L’affaire : un copropriétaire privé de son logement neuf pendant 14 mois

La société C fait construire un immeuble collectif en vente en l’état futur d’achèvement (VEFA). Après la réception, des désordres apparaissent, notamment un défaut de planéité dû au fléchissement des dalles.

Une expertise judiciaire est ordonnée.

L’un des acquéreurs, dont l’appartement est concerné, rejoint la procédure et demande réparation pour :

  • Ses frais de relogement pendant les 14 mois de travaux,

  • Ses charges de copropriété,

  • Ses abonnements (électricité, gaz),

  • Les mensualités d’emprunt qu’il continue de rembourser.

Deux décisions divergentes : tribunal puis cour d’appel

Le tribunal fait droit à sa demande : près de 100 000 € d’indemnisation sont accordés, incluant tous les frais cités.

Mais en appel, la situation change : la cour estime que seuls les frais de relogement sont indemnisables. Les autres (emprunt, charges, abonnements) sont la contrepartie normale de la propriété, et ne peuvent être considérés comme des préjudices causés par les désordres.

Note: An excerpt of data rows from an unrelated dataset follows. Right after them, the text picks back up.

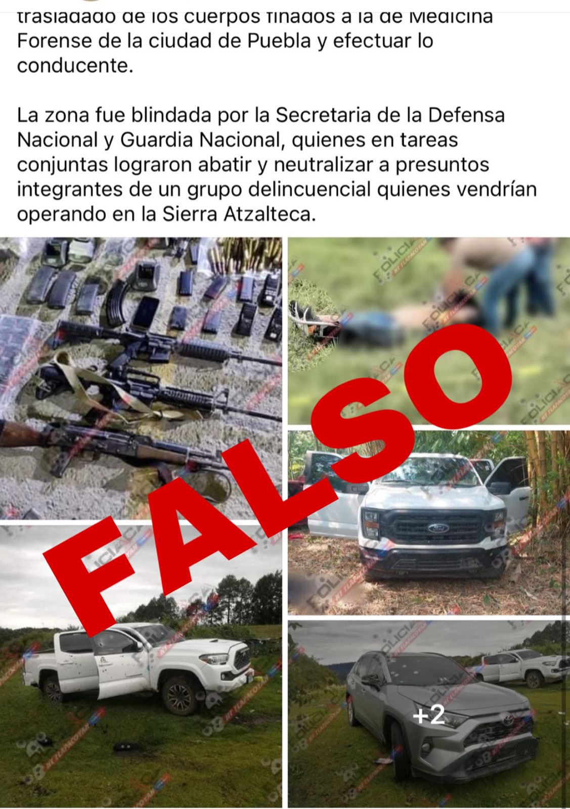 Se informa que los medios El Universal, Latinus, Infobae, XEU y otros, difunden una mentira más con la nota periodística sobre “un enfrentamiento en Atzalan”, pues este hecho es totalmente falso; y las fotografías difundidas en sus “noticias” corresponden a sucesos registrados el año pasado, uno en Nuevo León y a otro en el Estado de México.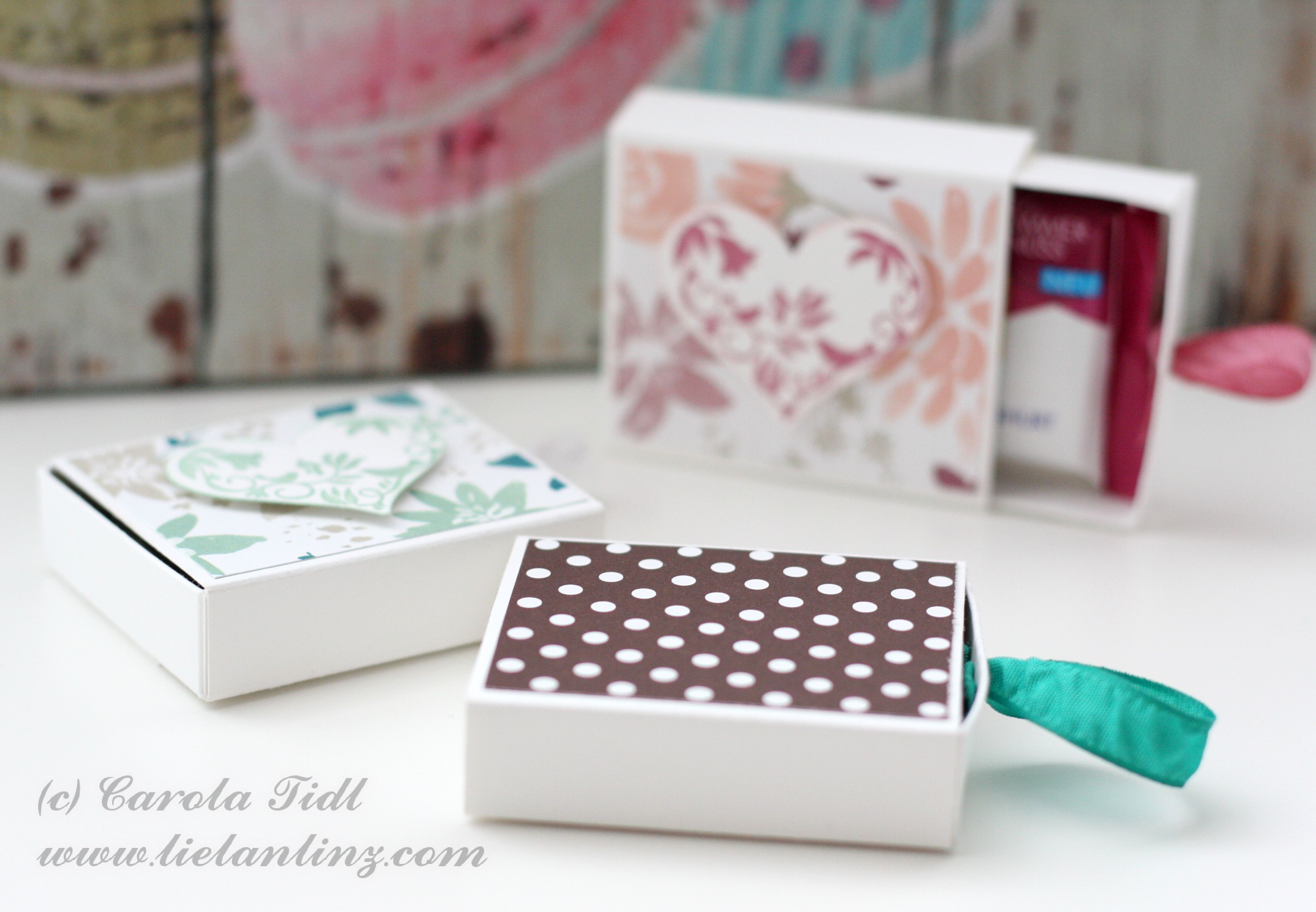 Bereits am 13. Juli hatte ich diese süßen Mini-Ziehverpackungen (aka Matchbox) auf meinem Blog zu sehen (hier ist der Link). Nachdem ich von einer ganz lieben Kundin nach einer Anleitung gefragt wurde, gibt’s heute das Video dazu.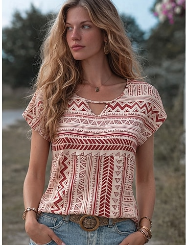 Per donna Maglietta Stampato Geometrico Blocco di colori Bohemien Vintage Casual Manica Corta Scollo a V Top lunghi Quotidiano Weekend Nero Bianco Rosso Blu marino Estate Primavera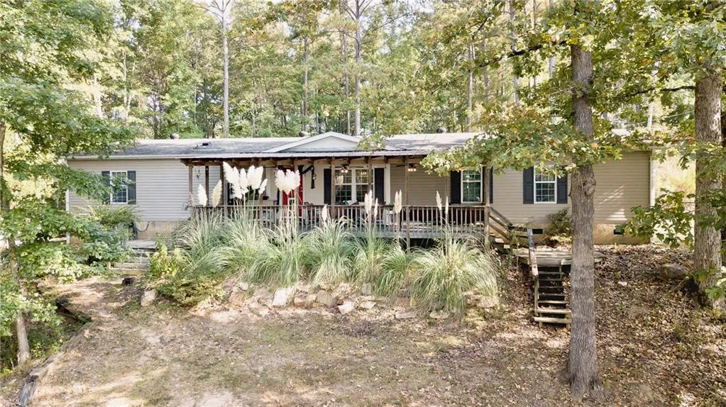 Spacious 1998 manufactured doublewide set on a 2.07-acre DEEDED lot on Lake Harding, offering both privacy and room to roam. Outdoor living is a highlight with a large covered front porch featuring three ceiling fans and steps that lead down to the backyard and dock area, which will need repair or rebuilding. Inside, the living room with laminate wood flooring flows into the eat-in kitchen, complete with island seating, walk-in pantry, stainless steel appliances, and dining space. A cozy keeping room with stone-surround wood-burning fireplace provides an additional gathering space. The split-bedroom plan offers a private primary suite with an ensuite bath that includes a soaking tub, double vanity, and insert shower. Four additional bedrooms provide flexible living options—two with Jack and Jill bath access, one oversized bedroom, and a fifth bedroom that shares the hall bath. A laundry ...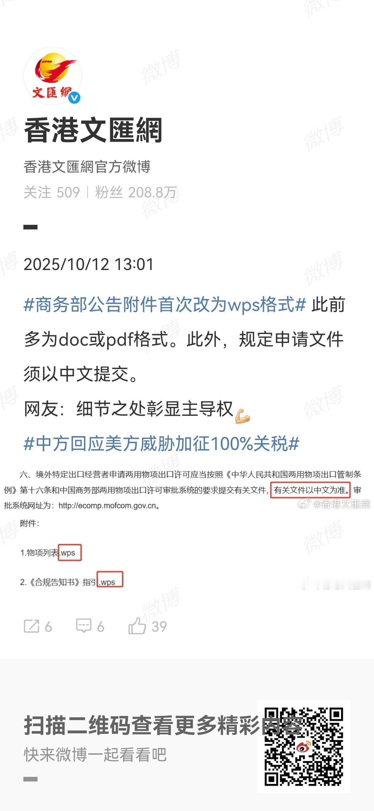 10月9日商务部发布2025年第61号公告,对含有中国成分的部分境外稀土相关物项实施出口管制。公告要求:有关文件以中文为准,并且公告的附件《物项列表》、《合规告知书》指引均为WPS格式。第61号公告发布后的两天之内,中文和WPS这两大元素成为网络话题,总结为一个热点就是“大家都要学中文、大家都要用中文”。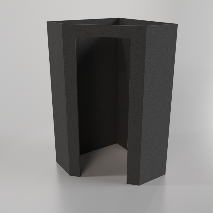 Корпус — ДСП. Внутри — зеркало, крючки, труба для крепления шторы.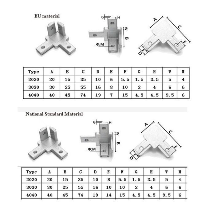 L Shape 3- Way 90 Inside Corner Bracket Connector, 2020 EU standard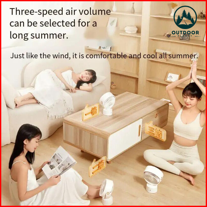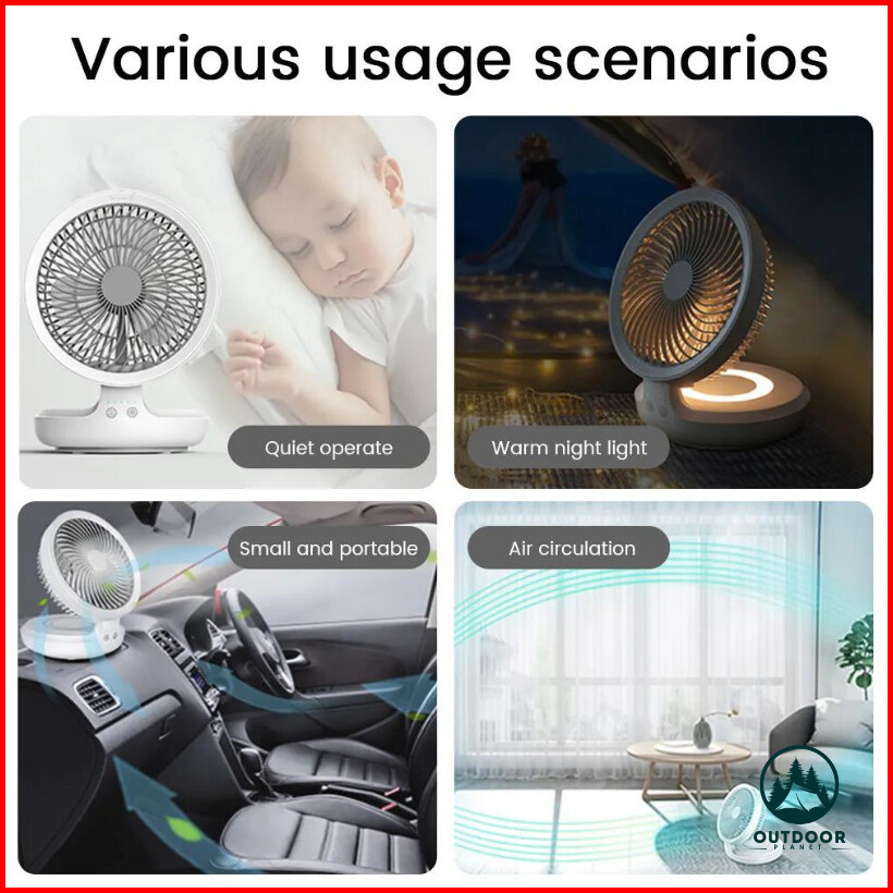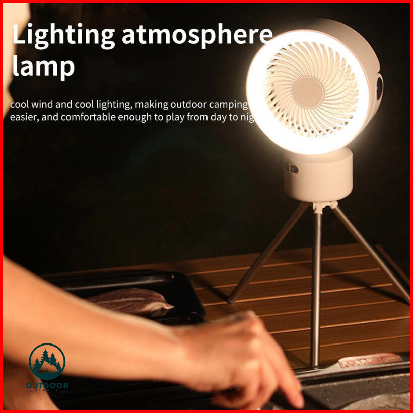 Outdoor Planet Garansi 1 Tahun Kipas Angin Multi-functional Outdoor Fan With Adjustable Light 4000mah Mini Fan Camp Deng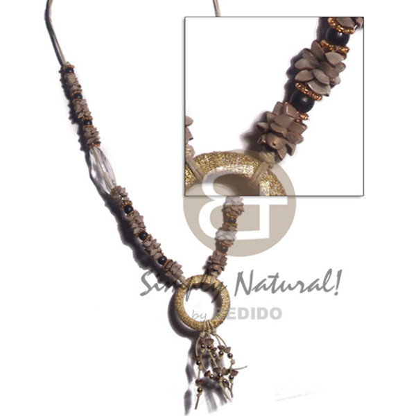 2-3mm coco heishe nat. brown resin nugget, hammershell sq. cut and 12mm round bayong wood beads com..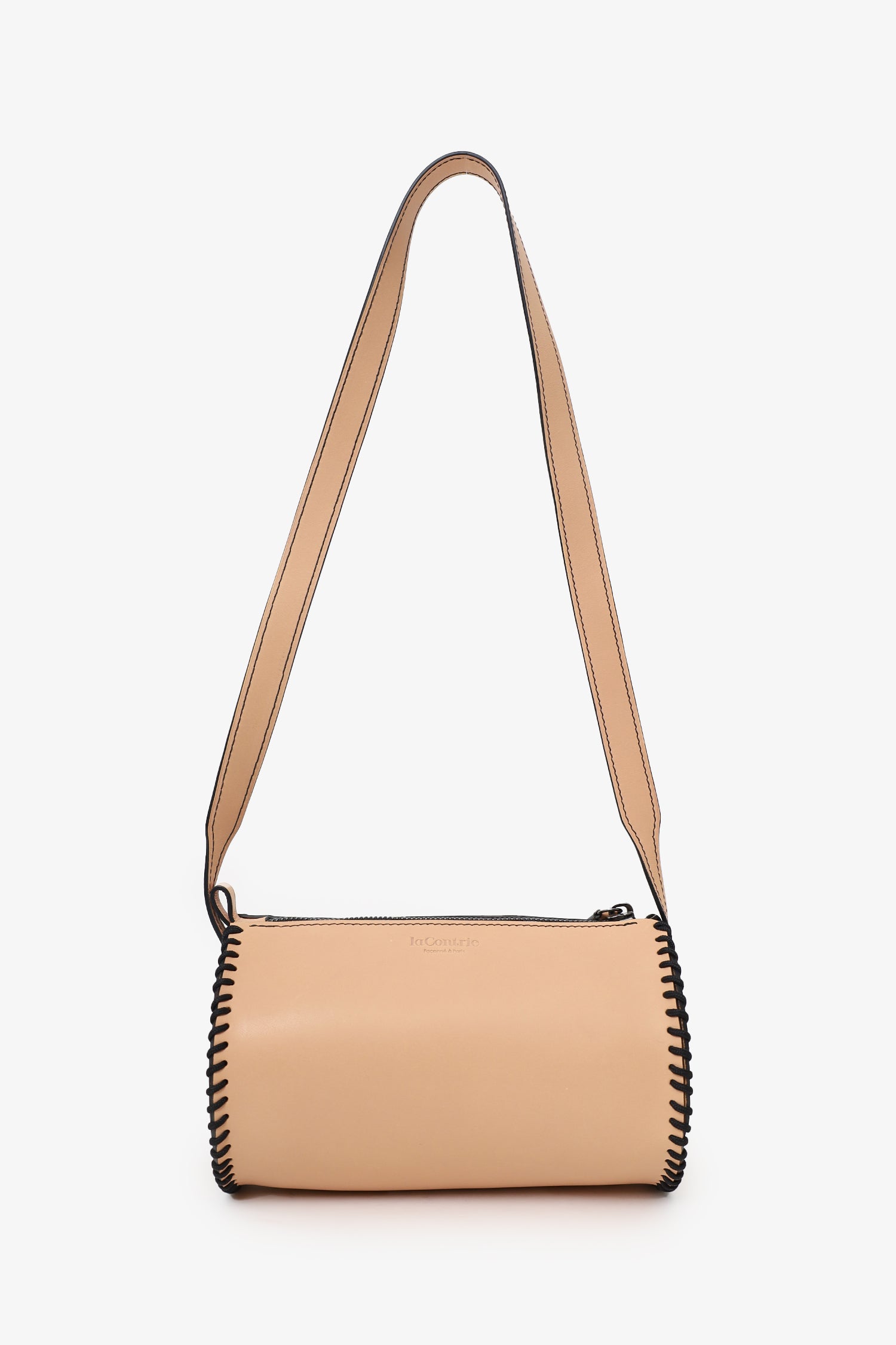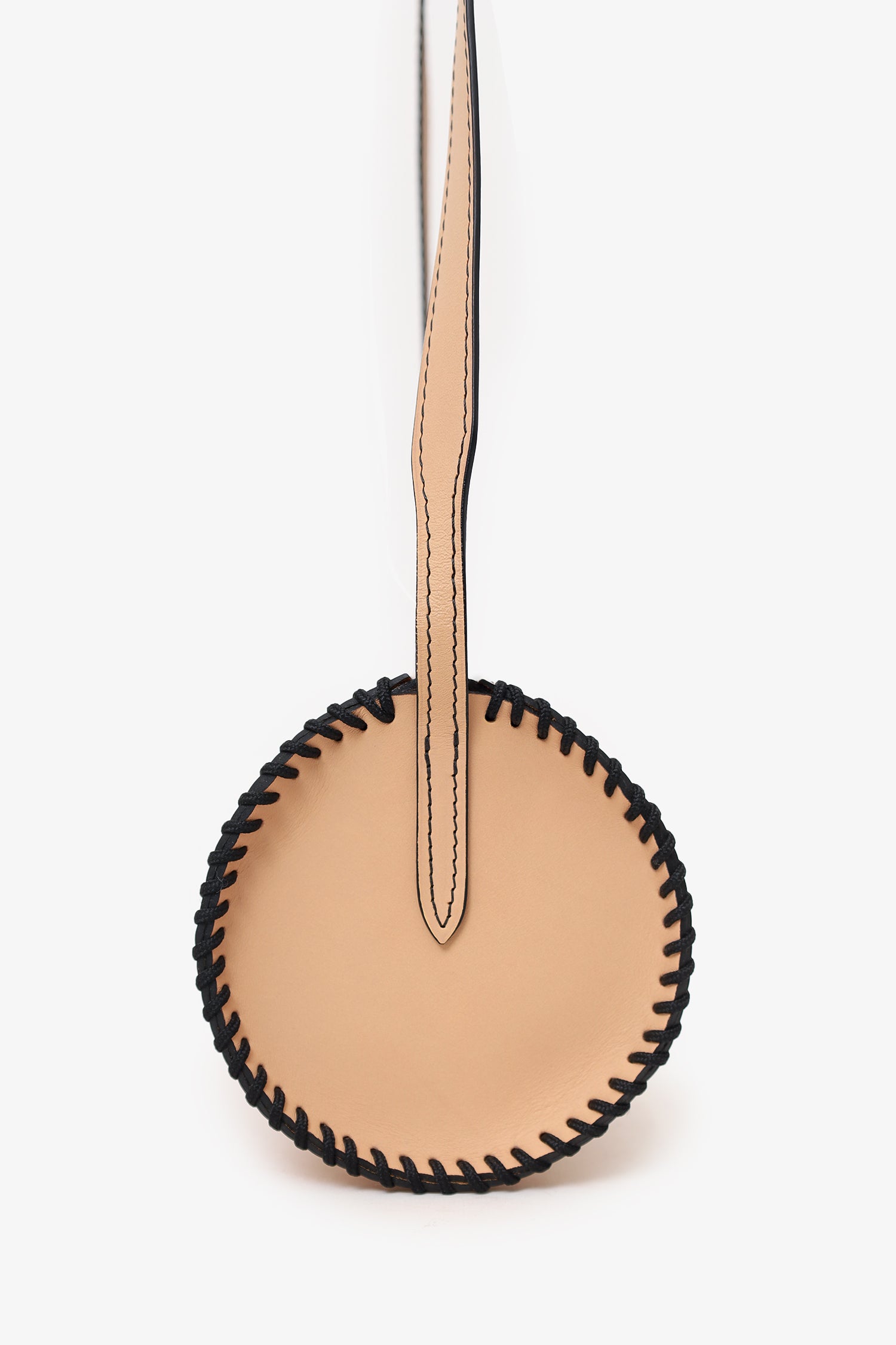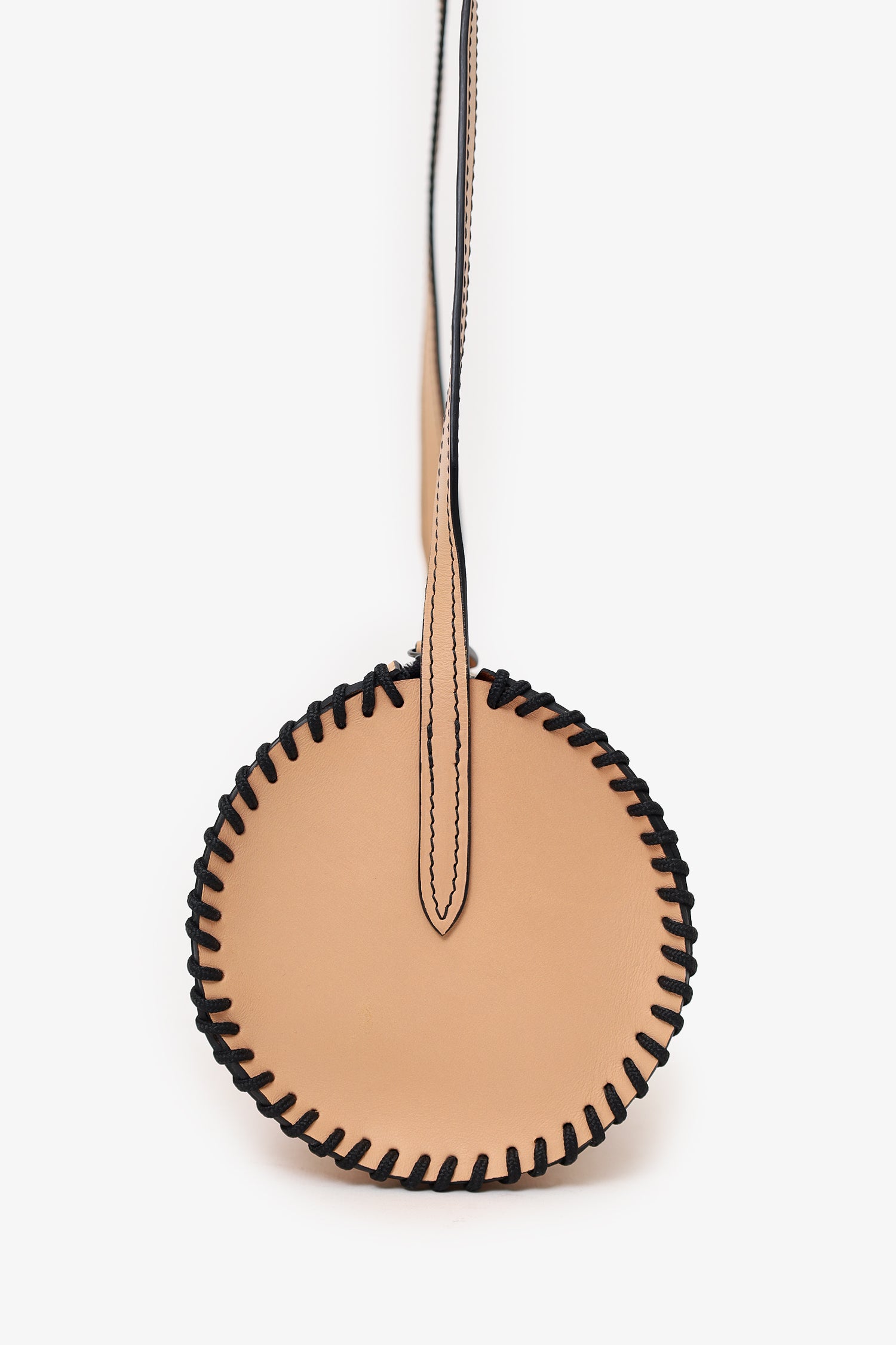 Refresh availabilityLa Contrie Beige Round Bag. Top zip closure. Crossbody strap. Open unlined interior. Tonal stitching.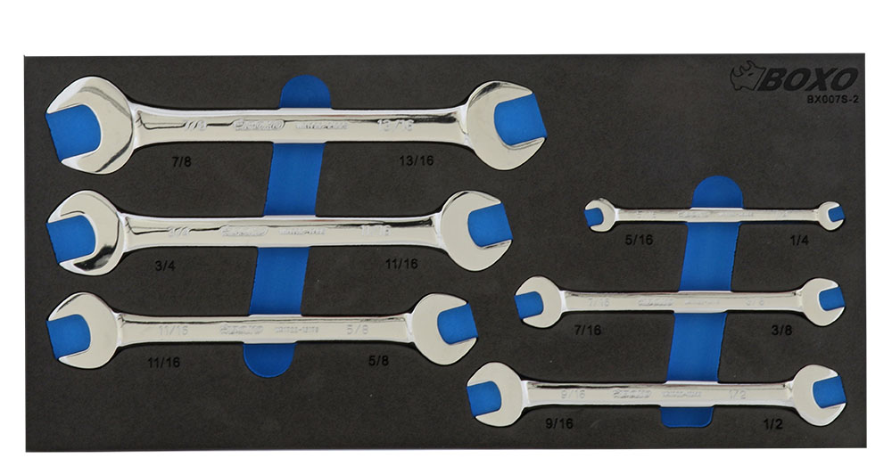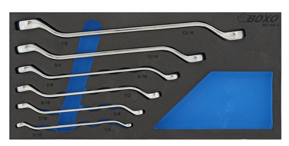 - Llaves de doble boca SAE de 1/4” x 5/16”, 3/8” x 7/16”, 1/2” x 9/16”, 5/8” x 11/16”, 11/16” x 3/4”, 13/16” x 7/8”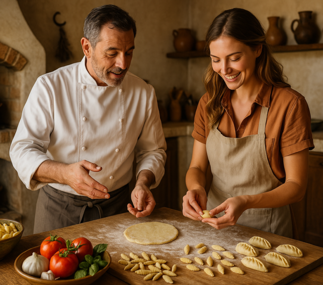 Perfetta per amanti della cucina, coppie che cercano un’esperienza unica, e famiglie che desiderano condividere un momento autentico e gustoso.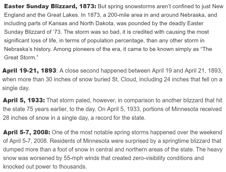 [9] McLeod, Jamie, Snow Kidding! Historic Spring Snowstorms (Farmer’s Almanac) https://www.farmersalmanac.com/think-snow-is-only-for-winter-think-again-3150 Retrieved 14 April 2019.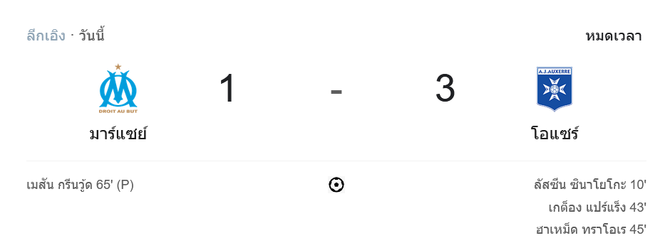 โอลิมปิก มาร์กเซย พ่ายคาบ้านให้กับ เอเจ โอแซร์ 1-3 ในศึกลีกเอิง ฝรั่งเศส 2024 บ้านกีฬา รายงานผลบอลสดสุดเซอร์ไพรส์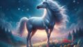 By the lake’s edge stood a unicorn, its horn glowing softly in the moonlight.

La condamnation est réduite à 11 000 €.

La Cour de cassation confirme (arrêt du 11 juillet 2024, RG n° 23‑17.733)

Le copropriétaire forme un pourvoi.

Il invoque le principe selon lequel la propriété inclut le droit de jouir d’un bien. Ne pouvant occuper son logement pendant 14 mois, il estime avoir été privé de ce droit, tout en payant en pure perte ses charges habituelles.

Mais la Cour de cassation rejette le pourvoi.

Elle confirme :

  • Que les charges de copropriété, les frais d’abonnement, et les mensualités d’emprunt sont inhérents à la qualité de propriétaire, qu’il occupe ou non le logement,

  • Que ces frais ne sont pas liés directement aux désordres, ou font double emploi avec l’indemnité de relogement.

Le propriétaire ne peut donc pas obtenir le remboursement de ces sommes.


Mon conseil d’avocat spécialiste en droit immobilier

En cas de désordres de construction, seule la réparation du préjudice directement causé est possible. Le juge remet la victime dans la situation telle qu’elle aurait été sans le dommage. Cela signifie que les charges habituelles du propriétaire, même s’il ne peut habiter son logement, ne sont pas indemnisables, sauf clause ou situation particulière.

Pensez à vous faire assister par un professionnel pour bien qualifier chaque poste de préjudice, et ne pas surestimer vos chances d’indemnisation.